#### [Exercise description]
For the listing below, the answer is an exact retyping of the lines from the one with "DESCRIPTION: Shin Yea" through the one with "Arany színű Életfa", both included, without pictures.

#### [Input data]
———

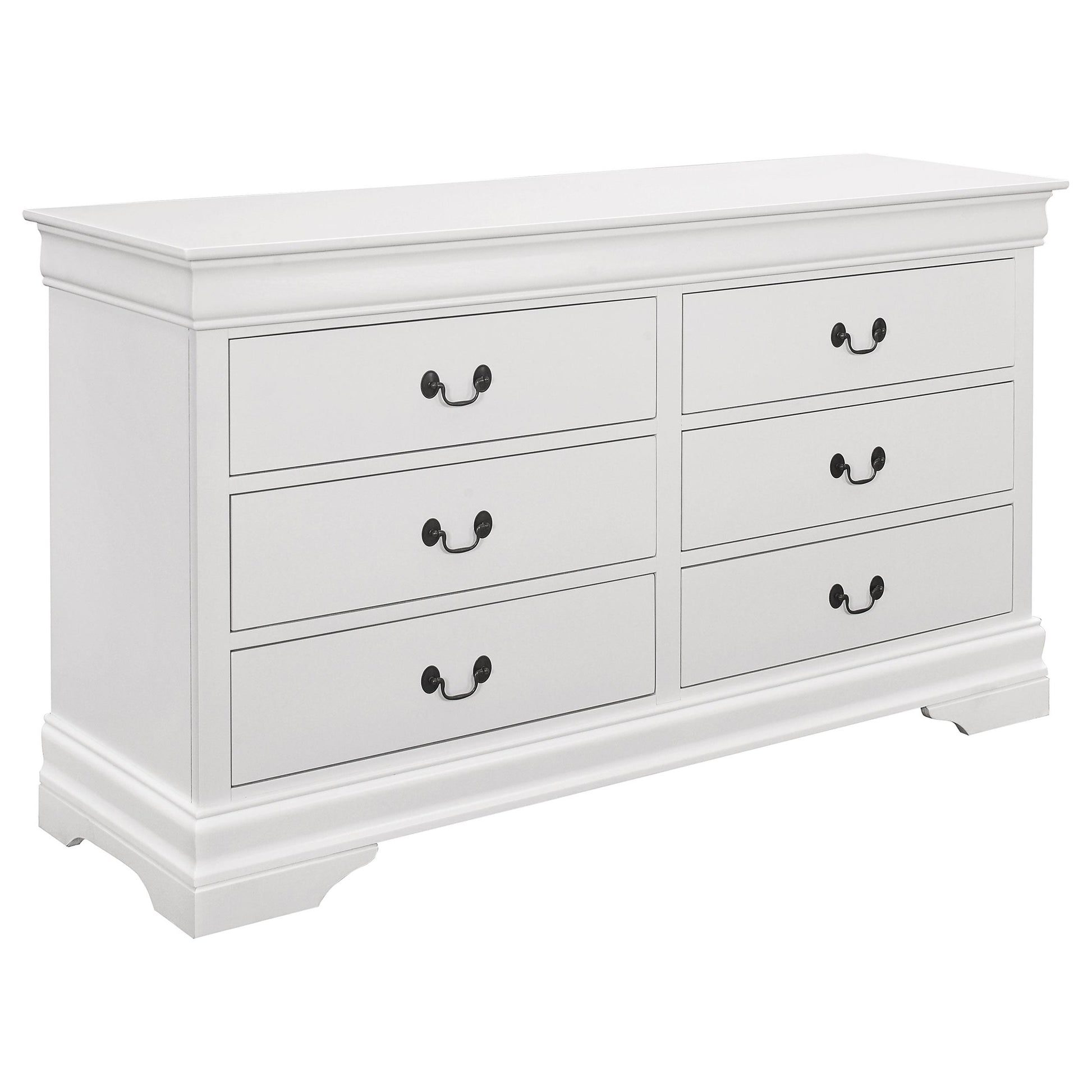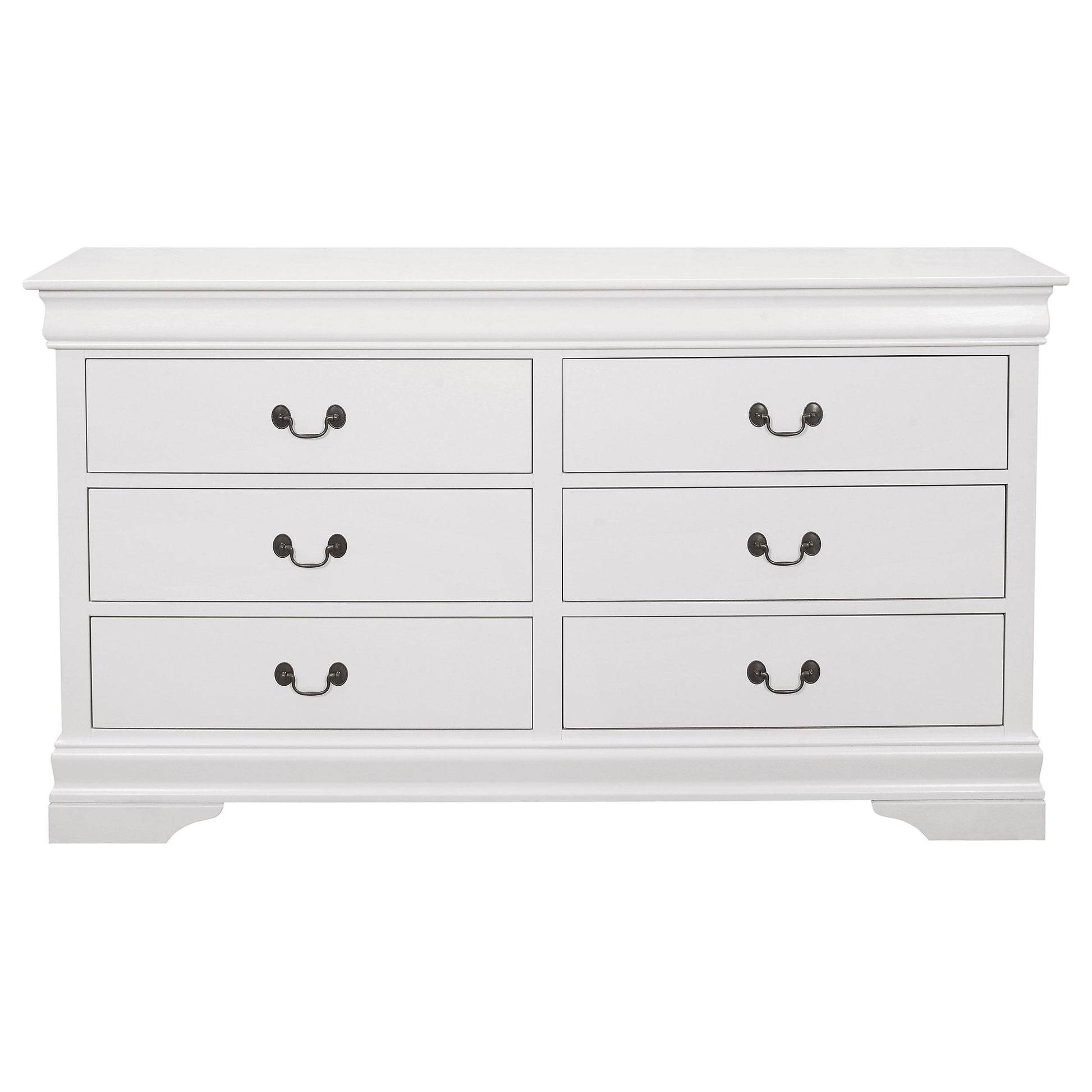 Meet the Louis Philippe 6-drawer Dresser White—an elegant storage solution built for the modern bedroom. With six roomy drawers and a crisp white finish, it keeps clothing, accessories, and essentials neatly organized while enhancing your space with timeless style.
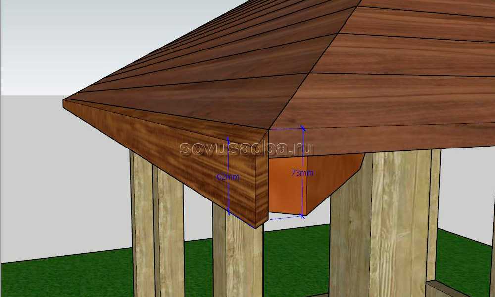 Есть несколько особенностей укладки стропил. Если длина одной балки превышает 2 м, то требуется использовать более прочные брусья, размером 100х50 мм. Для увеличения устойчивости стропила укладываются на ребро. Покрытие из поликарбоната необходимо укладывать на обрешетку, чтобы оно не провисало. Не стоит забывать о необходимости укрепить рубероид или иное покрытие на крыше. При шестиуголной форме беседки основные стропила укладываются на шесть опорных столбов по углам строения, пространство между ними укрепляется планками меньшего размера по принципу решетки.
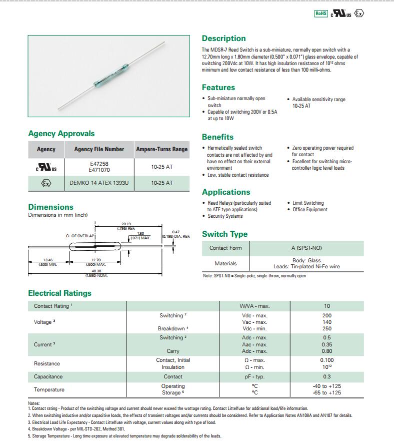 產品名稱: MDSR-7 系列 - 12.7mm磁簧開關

———

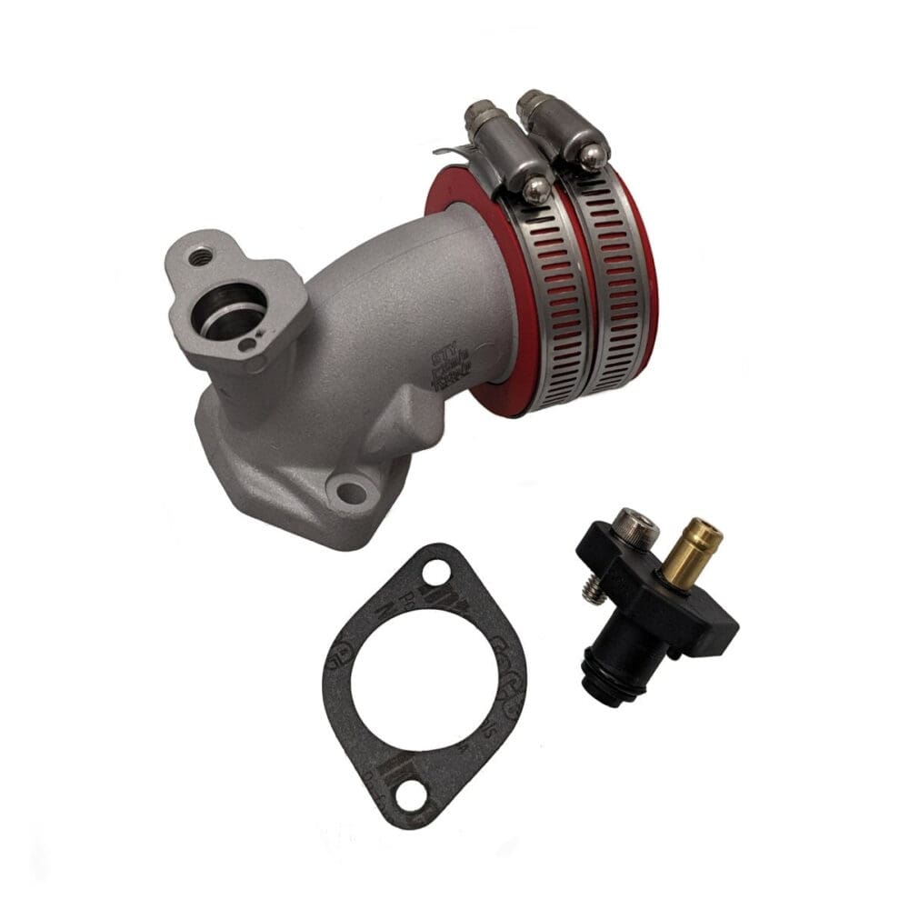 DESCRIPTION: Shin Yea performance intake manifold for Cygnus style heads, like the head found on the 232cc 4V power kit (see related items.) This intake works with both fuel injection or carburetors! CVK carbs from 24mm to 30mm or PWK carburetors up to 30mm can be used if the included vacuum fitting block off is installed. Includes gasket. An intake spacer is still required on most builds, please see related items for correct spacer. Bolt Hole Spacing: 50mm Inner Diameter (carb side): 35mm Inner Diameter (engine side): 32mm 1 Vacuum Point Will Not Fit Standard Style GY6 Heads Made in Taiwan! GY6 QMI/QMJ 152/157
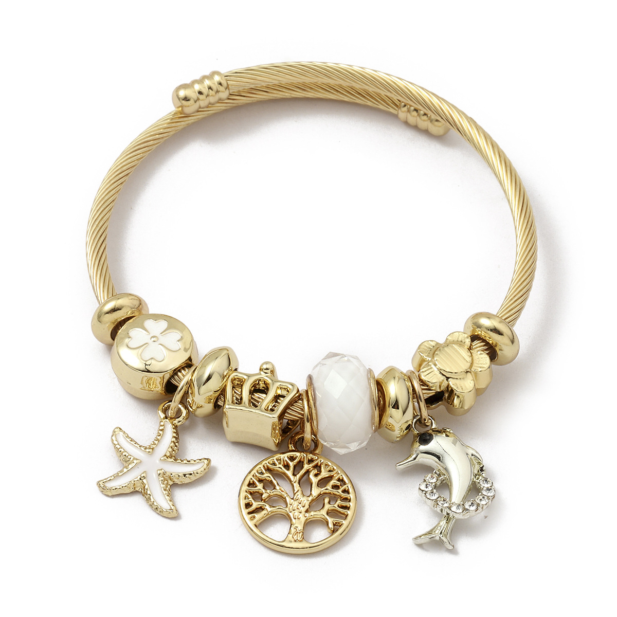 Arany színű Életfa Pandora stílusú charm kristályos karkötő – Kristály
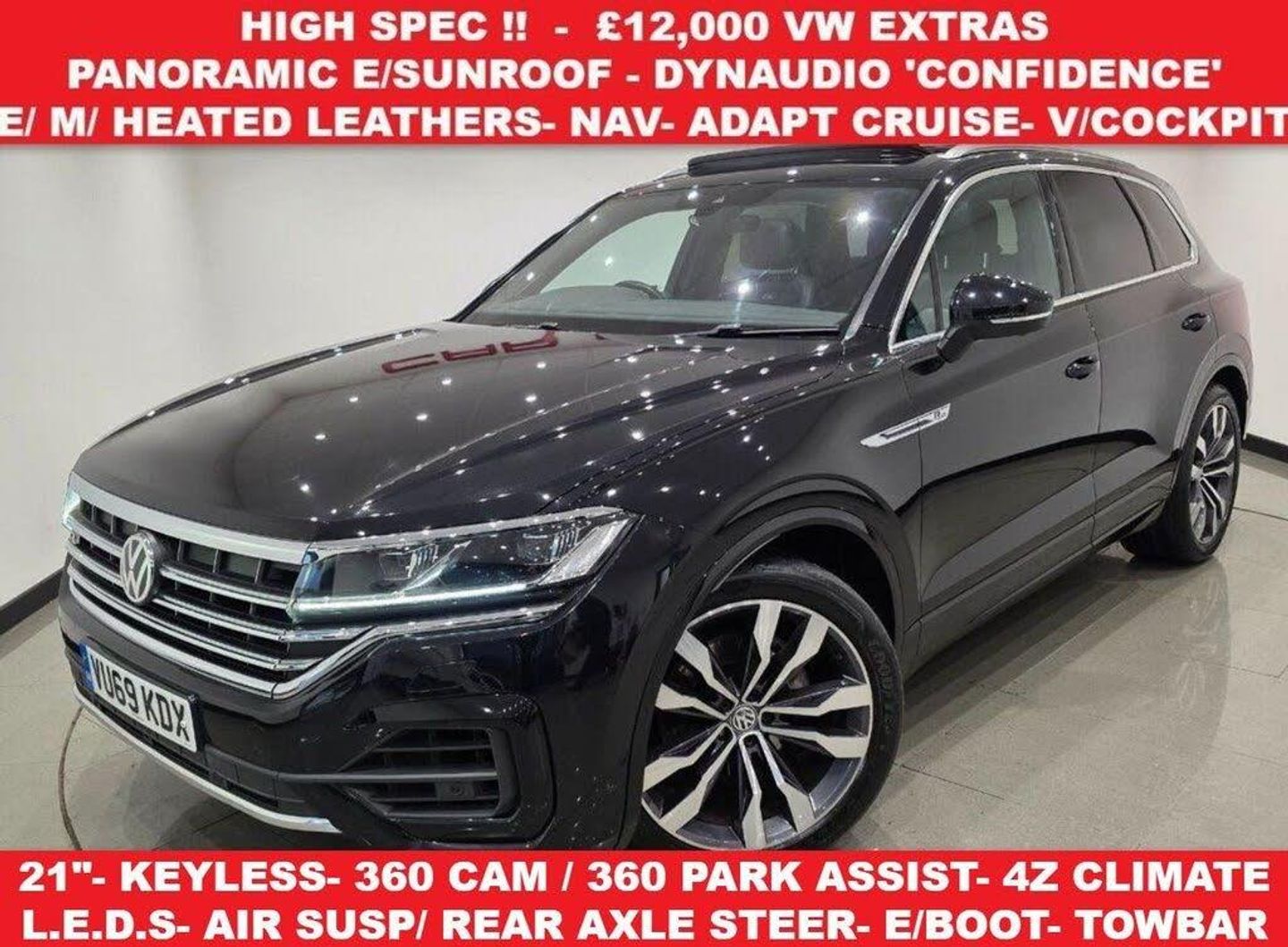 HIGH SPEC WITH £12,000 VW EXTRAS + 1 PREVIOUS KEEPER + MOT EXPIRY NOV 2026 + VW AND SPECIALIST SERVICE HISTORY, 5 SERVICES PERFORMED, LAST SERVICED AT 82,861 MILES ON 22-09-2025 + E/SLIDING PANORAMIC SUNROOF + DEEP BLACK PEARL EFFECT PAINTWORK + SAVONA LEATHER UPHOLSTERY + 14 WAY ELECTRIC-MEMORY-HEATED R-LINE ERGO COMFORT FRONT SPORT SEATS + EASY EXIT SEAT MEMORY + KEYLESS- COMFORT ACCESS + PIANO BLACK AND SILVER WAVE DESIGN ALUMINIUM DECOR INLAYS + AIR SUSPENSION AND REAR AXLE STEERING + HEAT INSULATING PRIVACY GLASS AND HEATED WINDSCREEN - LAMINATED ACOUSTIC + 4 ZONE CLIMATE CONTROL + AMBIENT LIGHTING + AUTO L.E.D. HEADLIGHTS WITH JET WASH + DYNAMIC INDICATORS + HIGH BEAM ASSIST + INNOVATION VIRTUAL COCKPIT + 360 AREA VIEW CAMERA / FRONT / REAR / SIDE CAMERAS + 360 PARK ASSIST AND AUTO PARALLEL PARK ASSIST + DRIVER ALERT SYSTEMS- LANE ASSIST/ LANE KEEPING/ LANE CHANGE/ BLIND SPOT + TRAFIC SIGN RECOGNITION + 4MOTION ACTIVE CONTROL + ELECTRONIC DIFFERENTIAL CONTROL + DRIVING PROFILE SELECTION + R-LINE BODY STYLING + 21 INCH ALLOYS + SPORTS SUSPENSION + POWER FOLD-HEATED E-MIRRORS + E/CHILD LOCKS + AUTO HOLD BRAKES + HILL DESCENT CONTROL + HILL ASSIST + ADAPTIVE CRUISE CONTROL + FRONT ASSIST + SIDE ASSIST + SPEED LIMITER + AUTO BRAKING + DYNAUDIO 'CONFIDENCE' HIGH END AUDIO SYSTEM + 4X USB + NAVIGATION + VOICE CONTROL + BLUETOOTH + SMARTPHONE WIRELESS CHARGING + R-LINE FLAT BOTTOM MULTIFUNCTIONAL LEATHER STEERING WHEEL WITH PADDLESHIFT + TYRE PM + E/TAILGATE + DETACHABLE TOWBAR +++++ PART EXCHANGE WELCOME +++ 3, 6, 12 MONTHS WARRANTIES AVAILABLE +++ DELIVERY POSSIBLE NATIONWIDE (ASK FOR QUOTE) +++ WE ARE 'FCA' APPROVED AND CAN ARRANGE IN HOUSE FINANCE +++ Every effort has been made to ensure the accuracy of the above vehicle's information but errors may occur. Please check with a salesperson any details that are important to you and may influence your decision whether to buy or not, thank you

———

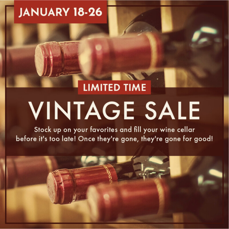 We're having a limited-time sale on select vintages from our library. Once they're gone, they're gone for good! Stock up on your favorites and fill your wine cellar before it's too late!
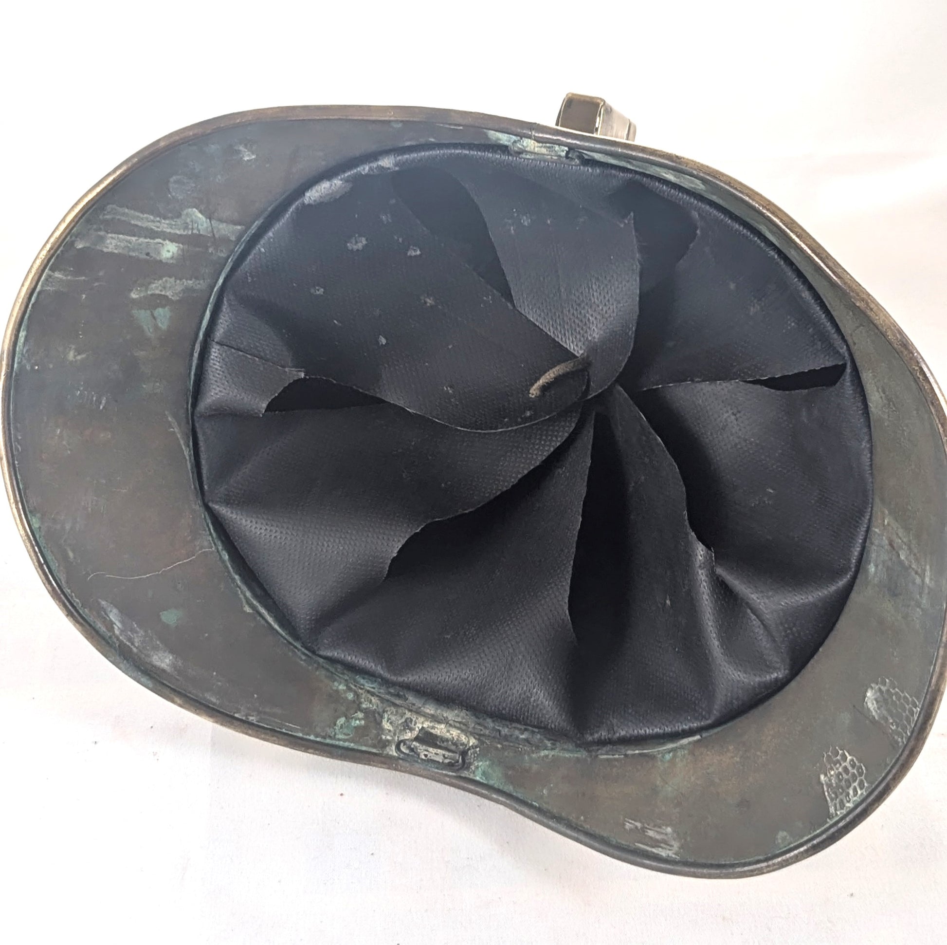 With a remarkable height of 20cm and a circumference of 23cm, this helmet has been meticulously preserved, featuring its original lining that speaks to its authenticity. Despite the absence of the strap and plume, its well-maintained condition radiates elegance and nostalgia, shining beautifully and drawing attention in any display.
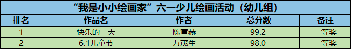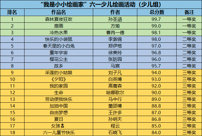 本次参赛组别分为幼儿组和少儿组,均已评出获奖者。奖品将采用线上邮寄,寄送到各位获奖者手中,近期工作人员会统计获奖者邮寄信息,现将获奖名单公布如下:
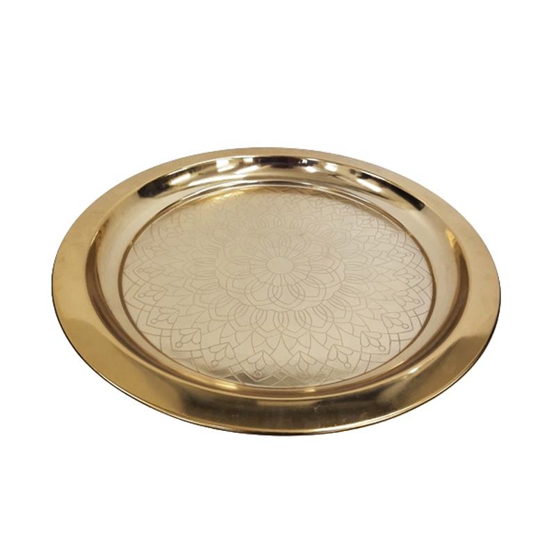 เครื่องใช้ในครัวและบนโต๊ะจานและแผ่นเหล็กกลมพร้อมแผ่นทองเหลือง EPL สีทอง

———

#### [Finished exercise]
 DESCRIPTION: Shin Yea performance intake manifold for Cygnus style heads, like the head found on the 232cc 4V power kit (see related items.) This intake works with both fuel injection or carburetors! CVK carbs from 24mm to 30mm or PWK carburetors up to 30mm can be used if the included vacuum fitting block off is installed. Includes gasket. An intake spacer is still required on most builds, please see related items for correct spacer. Bolt Hole Spacing: 50mm Inner Diameter (carb side): 35mm Inner Diameter (engine side): 32mm 1 Vacuum Point Will Not Fit Standard Style GY6 Heads Made in Taiwan! GY6 QMI/QMJ 152/157
 Arany színű Életfa Pandora stílusú charm kristályos karkötő – Kristály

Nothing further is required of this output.